Health Policy Report

The Week in Review

House lawmakers completed work on the lower chamber’s version of the National Defense Authorization Act (NDAA), passing the $733 billion measure to end last week’s work session. Prior to final passage, the House tacked on several provisions— including: (1) repealing the 2002 Authorization for Use of Military Force (AUMF); (2) preventing the Trump administration from deploying troops to the U.S.-Mexico border; and (3) requiring Congressional authorization for use of military force against Iran — aimed at sweetening the measure to appeal to skeptical progressive lawmakers who had the potential to tank the bill. Negotiations between the House and Senate are expected to begin soon as both chambers will need to reconcile their respective versions.  

Additionally, the House cleared seven Financial Services bills under suspension of the rules. This included a resolution that encourages the Securities and Exchange Commission (SEC) to collaborate with state securities regulators to protect investors, as well as a legislation requiring the Department of Housing and Urban Development to discount Federal Housing Administration (FHA) single-family mortgage insurance premium payments for first-time homebuyers who complete a financial literacy counseling program. Lawmakers also cleared a suspension bill out of the Judiciary Committee that would extend the compensation fund for victims of the Sept. 11 terrorist attacks through 2090.

In the upper chamber, Senators resumed their push to clear the presidential nominations queue. In addition to several judicial nominees, the Senate approved nominations of three executive branch officials including: (1) Robert King to be Assistant Secretary for Postsecondary Education at the Department of Education; (2) John Pallash to be an Assistant Secretary of Labor; and (3) Peter Wright to be an Assistant Administrator for the Office of Solid Waste at the Environmental Protection Agency (EPA).

The Week Ahead

Both chambers of Congress will return to action this afternoon. In notable House floor activity this week, Democratic leadership has queued up a bill that would repeal the Affordable Care Act's (ACA) so-called "Cadillac tax." Designed to penalize employers that provide their workers with expensive benefits, the 40 percent excise tax has been a target for repeal by lawmakers on both sides of the aisle. By passing the bill under suspension of the rules, House Democrats can circumvent the need to offset revenue – a requirement that has thwarted action on the Cadillac tax for years – although it remains to be seen whether the House will, in fact, do so. And assuming the bill does make it through the House, it remains to be seen if the House bill will be taken up in the Senate without an offset.
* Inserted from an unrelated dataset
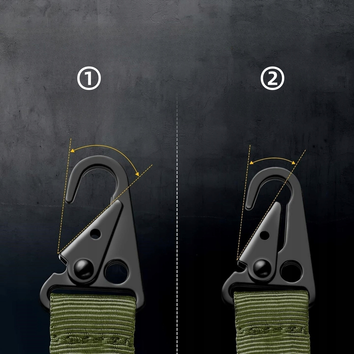 ремешок из карабинера изготовлен из высокоэфроэша нейлона, это защита и не -сластика. Улучшенный ржавый крюк, роторный ремень и основание скорости изготовлены из высококачественного металлического материала, оснащенного антиоксидантными устройствами, что затрудняет портить, рисовать или обвинять их.

In addition to the 22 suspension bills slated for consideration this week, the House is also expected to consider a bill out of the Education and Labor Committee that would raise the minimum wage to $15 per hour by 2025. Other notable legislation on the House floor this week include a measure authorizing appropriations for U.S. intelligence operations and a resolution holding Attorney General William Barr and Commerce Secretary Wilbur Ross in contempt of Congress for failing to comply with subpoenas issued by the Committee on Oversight and Reform. Meanwhile, Senators are expected to resume consideration of pending presidential nominations.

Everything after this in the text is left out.